What the task requires: Restate all of the following data exactly, keeping any images out of the copy.

Records for this exercise:
•••

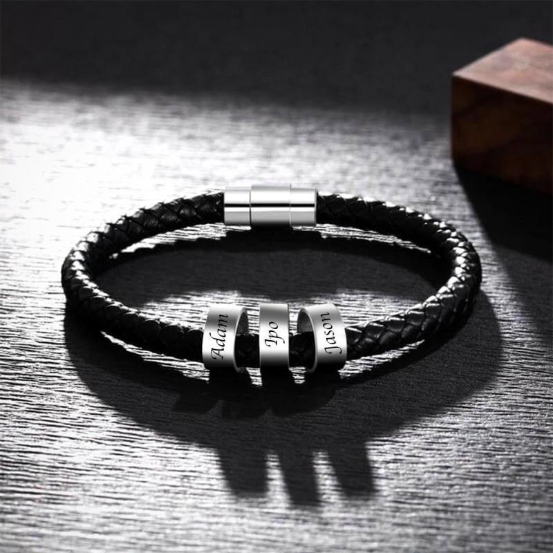 Personalisierte Gravierte Armband Schwarzes Leder Perlen Armband Klein Benutzerdefinierte Perle Für Ihn
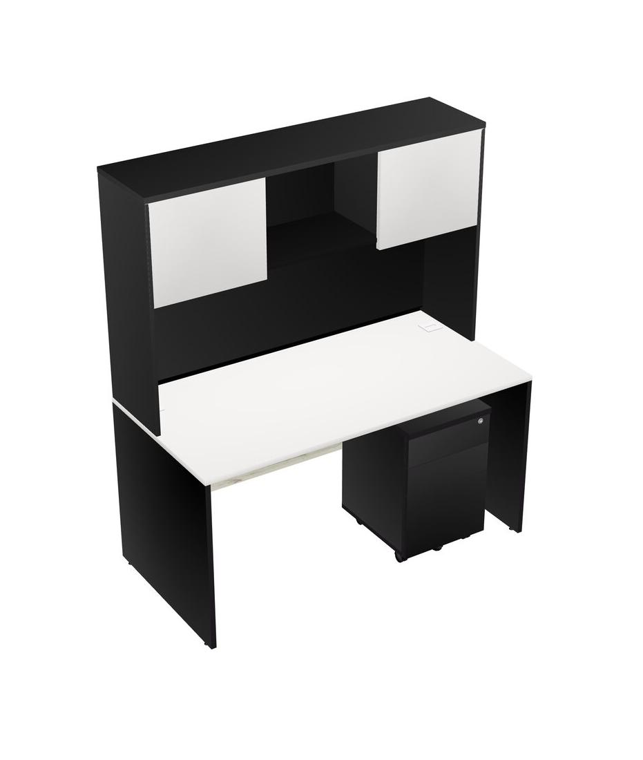 White Rectangular Office Desk Plus Black Wooden Mobile Drawers And Black Hutch
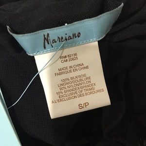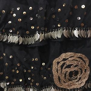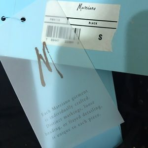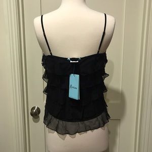 Gorgeous black ruffled tank top by Marciano. New with tags, never worn! Amazing, intricate detailing with rose embroidery, sequins, and tiny little feather charms at the bottom of each tier of ruffles. Ruffles go all the way around. Second underlayer of the tank top lays flat against the body and is slightly shorter than the layer of ruffles leaving the bottom layer of ruffles sheer. Thin, adjustable straps. Tags include a bad w/ extra sequins but it looks like all is intact. So, so pretty!
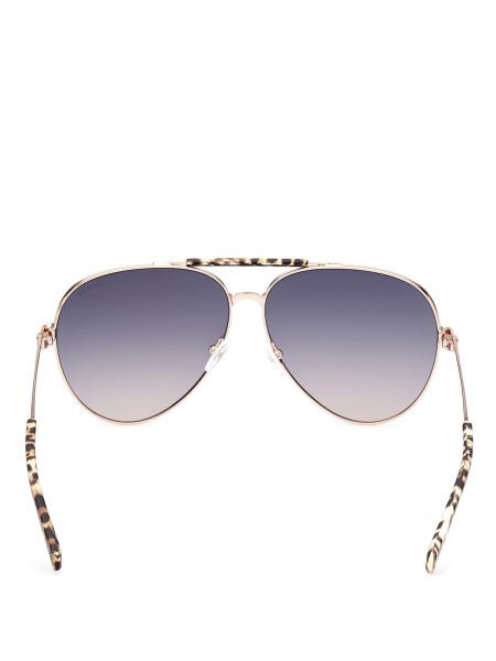 This sleek pair of aviator sunglasses feature metal frames, tinted lenses, a brow bar and logos throughout. Comes in matte black or gold-tone tortoiseshell versions.
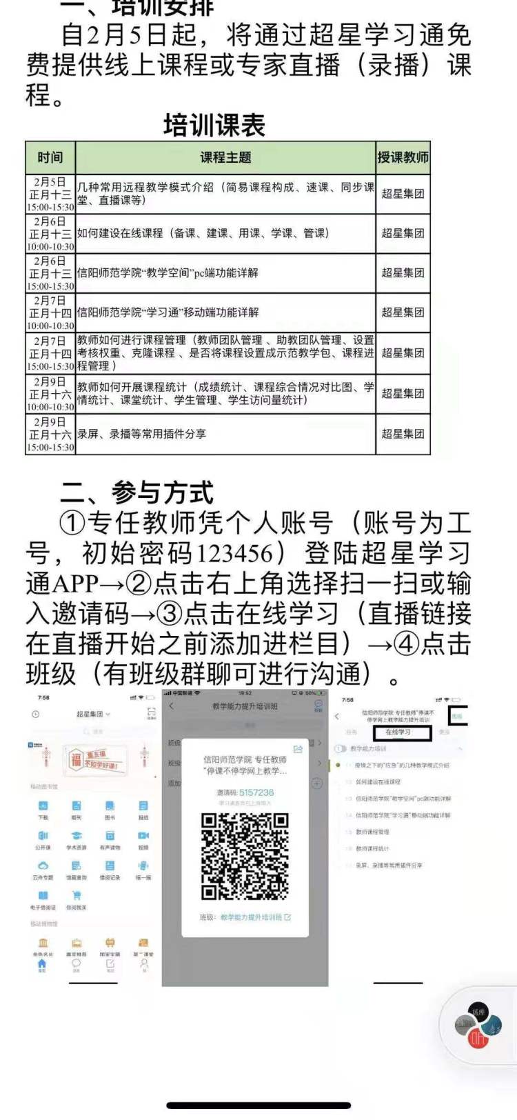 学校学院两级领导及有关部门关于网上授课计划制定了详细的操作章程及实施细则,并开展了一系列教学活动,对任课老师进行集中培训,以确保任课老师可以熟练的操作学习通等相关网络教学平台,并建
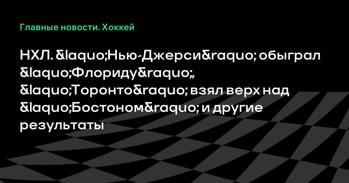 НХЛ. «Нью-Джерси» обыграл «Флориду», «Торонто» взял верх над «Бостоном» и другие результаты
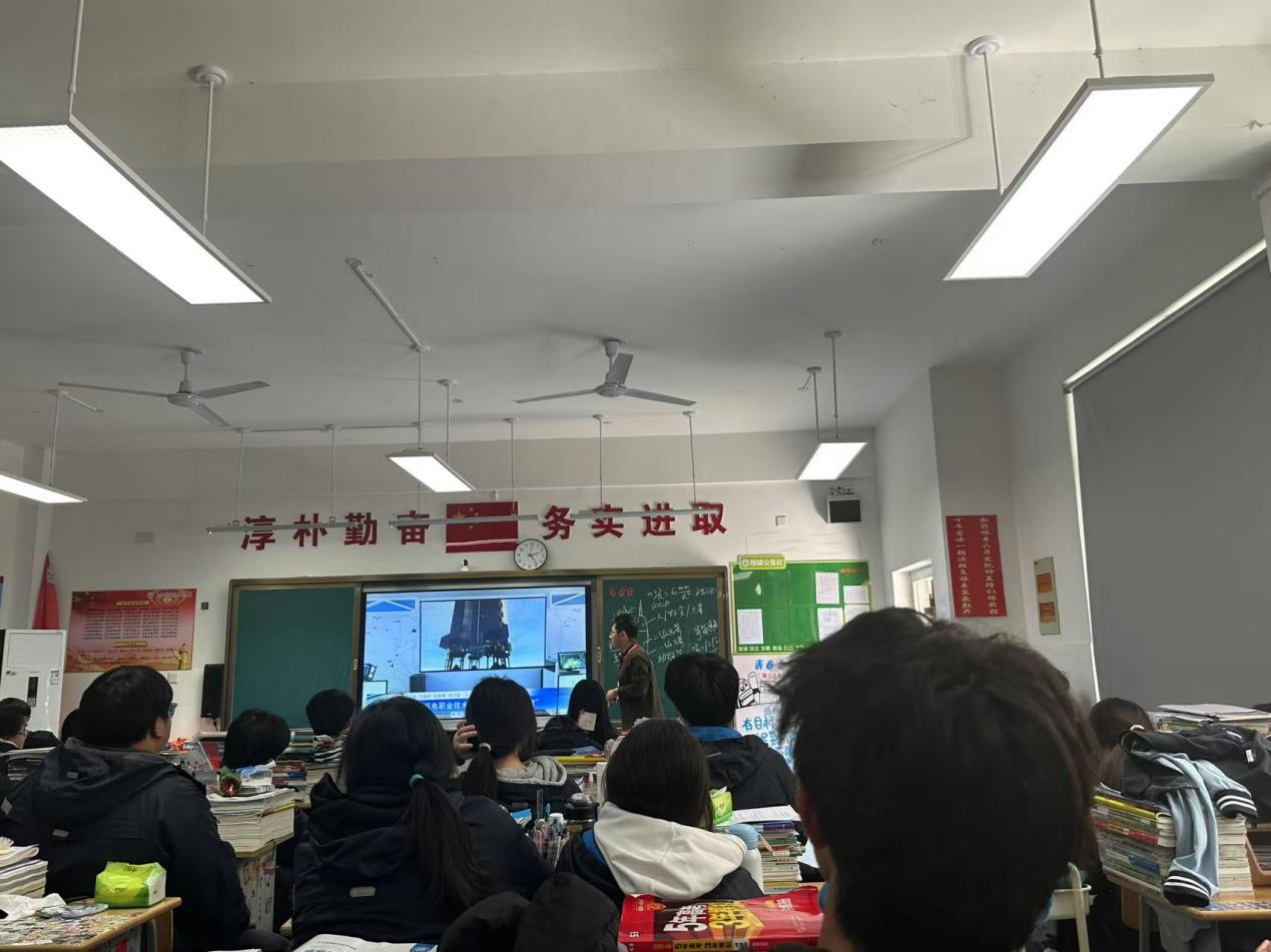 《航天与遥感:让卫星数据大有可为》课上,学校信息工程系专业教师黄威介绍了航天遥感技术在环境保护、灾害监测等领域的广泛应用,并且向同学们展示了“南京号”八一0八星的成功发射。黄老师说:“这是首颗由职业院校师生共同研制的卫星,现在已经在太空遨游。在职业教育的赛道上,你的梦想同样可以变成现实。”

•••

Problem solution:
 Personalisierte Gravierte Armband Schwarzes Leder Perlen Armband Klein Benutzerdefinierte Perle Für Ihn
 White Rectangular Office Desk Plus Black Wooden Mobile Drawers And Black Hutch
 Gorgeous black ruffled tank top by Marciano. New with tags, never worn! Amazing, intricate detailing with rose embroidery, sequins, and tiny little feather charms at the bottom of each tier of ruffles. Ruffles go all the way around. Second underlayer of the tank top lays flat against the body and is slightly shorter than the layer of ruffles leaving the bottom layer of ruffles sheer. Thin, adjustable straps. Tags include a bad w/ extra sequins but it looks like all is intact. So, so pretty!
 This sleek pair of aviator sunglasses feature metal frames, tinted lenses, a brow bar and logos throughout. Comes in matte black or gold-tone tortoiseshell versions.
 学校学院两级领导及有关部门关于网上授课计划制定了详细的操作章程及实施细则,并开展了一系列教学活动,对任课老师进行集中培训,以确保任课老师可以熟练的操作学习通等相关网络教学平台,并建
 НХЛ. «Нью-Джерси» обыграл «Флориду», «Торонто» взял верх над «Бостоном» и другие результаты
 《航天与遥感:让卫星数据大有可为》课上,学校信息工程系专业教师黄威介绍了航天遥感技术在环境保护、灾害监测等领域的广泛应用,并且向同学们展示了“南京号”八一0八星的成功发射。黄老师说:“这是首颗由职业院校师生共同研制的卫星,现在已经在太空遨游。在职业教育的赛道上,你的梦想同样可以变成现实。”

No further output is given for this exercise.